START Data extract

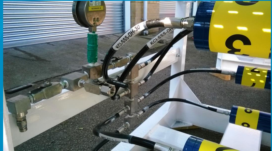
Skid Manifold & Pipework. (Corrosion protection in green)
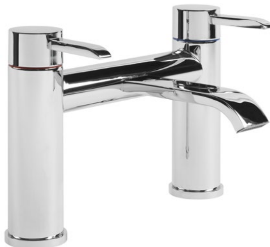
THP32 Bath Filler Minimum recommended pressure of 0.2bar 161(h) x 148(d)
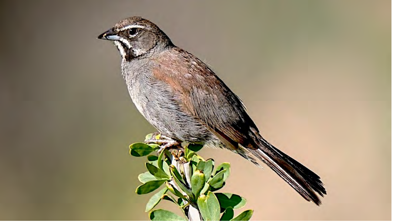
The Five-striped Sparrow is a Mexican species that just enters the US in far southern Arizona. These attractive but secretive birds breed during the summer rainy season, and we'll make an effort to find them while we are in the area.

Tour I: July 21-30, 2024 Tour II: July 27-August 5, 2024

END Data extract

[Your task]: Retype each line above precisely, please. Skip anything that is a picture.

[Your solution]:
Skid Manifold & Pipework. (Corrosion protection in green)
THP32 Bath Filler Minimum recommended pressure of 0.2bar 161(h) x 148(d)
The Five-striped Sparrow is a Mexican species that just enters the US in far southern Arizona. These attractive but secretive birds breed during the summer rainy season, and we'll make an effort to find them while we are in the area.

Tour I: July 21-30, 2024 Tour II: July 27-August 5, 2024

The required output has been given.